I'm not good at English, so I apologize in advance.
I have a question in "Pattern Recognition and Machine Learning", and it is a formula which is described in ch3.3.3 and (3.63)
I dont understand how we can transform (1) to (2), could anyone teach me ??
$ cov[y(x), y(x')] = cov[φ(x)^Tw,w^Tφ(x')] = φ(x)^TS_Nφ(x') = β^{-1}k(x,x')$
Let the prior $Q_0$ over the weights be given by the density function $$ P(w|\alpha)=\mathcal{N}(0,\alpha^{-1}I) $$ so that the posterior over the weights $Q_w$ given the training data targets $\vec{t}$ can be written (as a density) $$ P(w|\vec{t}) = \mathcal{N}(w|m_N,S_N)\\ m_N = \beta S_N\Phi^T\vec{t}\\ S_N^{-1}= \text{cov}(w)^{-1}=\alpha I + \beta\Phi^T\Phi $$ The predictive distribution $Q_p(x)$ (for input $x$) then has density computed via $$ P(t|x,\vec{t},\alpha,\beta)=\int P(t|x,w,\beta) P(w|\vec{t},\alpha,\beta) dw=\mathcal{N}(t|m_N^T\phi(x),\beta^{-1}+\phi(x)^TS_N\phi(x)) $$ Thus the model predictions are distributed via $$y(x) = w^T\phi(x) \sim Q_p(x) \tag{0} $$ so the predictive mean is simply $$ y(x,m_N) = \mathbb{E}[y(x)] = m_N^T\phi(x) \tag{1} $$ Notice that the covariance of the weights under the posterior is given by $$ \text{cov}(w) = S_N \tag{2} $$ And that the following formula holds (for covariances of vector-valued random variables in general) $$ \text{cov}(w) + \mathbb{E}[w] \mathbb{E}[w]^T = \mathbb{E}[ww^T] \tag{3} $$ One more note (eq. 3.62 in the book): $$ y(x,m_N)=\beta S_N\Phi^T \vec{t}=\sum_iK(x,x_i)t_i$$ $$\therefore \beta^{-1}K(x,x_i) = \phi(x)^TS_N\phi(x_i)\tag{4} $$ Ok, so what is the covariance between our scalar predictions for two inputs? $$ \text{cov}[y(x_1), y(x_2)] = \text{cov}[w^T\phi(x_1), w^T\phi(x_2)] $$ using (0).
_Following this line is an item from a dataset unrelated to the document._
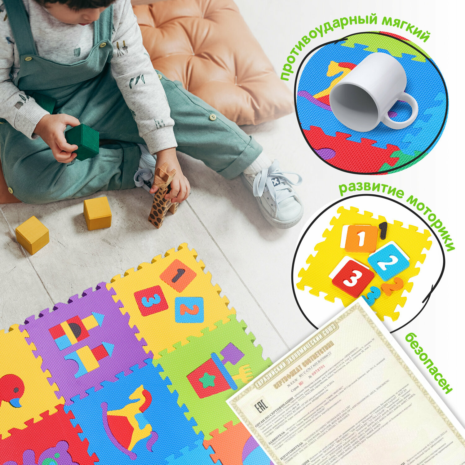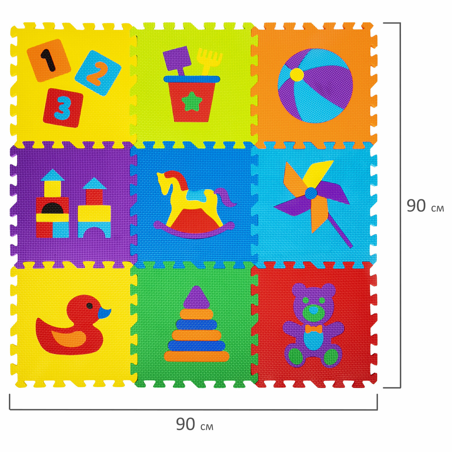 Коврик-пазл напольный 0,9х0,9 м, мягкий, "Игрушки", 9 частей 30х30 см, толщина 1 см, юнландия, 646668, 664668, 1шт в компл. интересное:
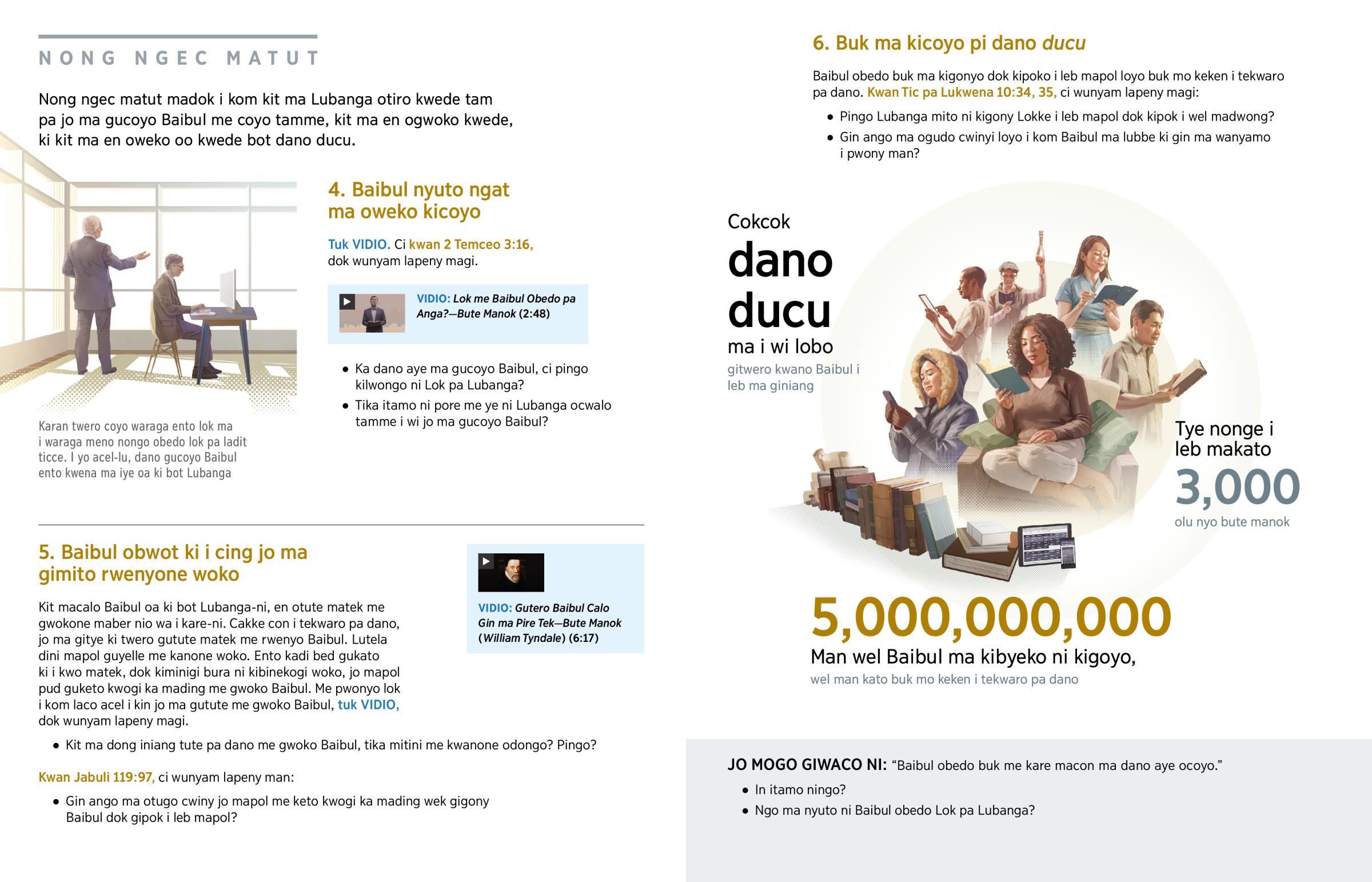 JO MOGO GIWACO NI: “Baibul obedo buk me kare macon ma dano aye ocoyo.”

Then using the identity for covariance between scalars $$\text{cov}[s_1,s_2]=\mathbb{E}[s_1s_2] - \mathbb{E}[s_1]\mathbb{E}[s_2]$$ we get \begin{align} \text{cov}[w^T\phi(x_1), w^T\phi(x_2)] &= \mathbb{E}[\phi(x_1)^T w w^T\phi(x_2)] - \phi(x_1)^Tm_Nm_N^T\phi(x_2) \\ &= \phi(x_1)^T\mathbb{E}[ w w^T]\phi(x_2) - \phi(x_1)^Tm_Nm_N^T\phi(x_2) \\ &= \phi(x_1)^T\left[ \text{cov}(w) + \mathbb{E}[w] \mathbb{E}[w]^T\right]\phi(x_2) - \phi(x_1)^Tm_Nm_N^T\phi(x_2) \\ &= \phi(x_1)^T S_N \phi(x_2) + \phi(x_1)^T m_Nm_N^T \phi(x_2) - \phi(x_1)^Tm_Nm_N^T\phi(x_2)\\ &= \phi(x_1)^T S_N \phi(x_2) \\ &= \beta^{-1}K(x_1,x_2) \end{align} using (1) for line 1, linearity for line 2, (3) for line 3, (2) for line 4 and (4) for the last line.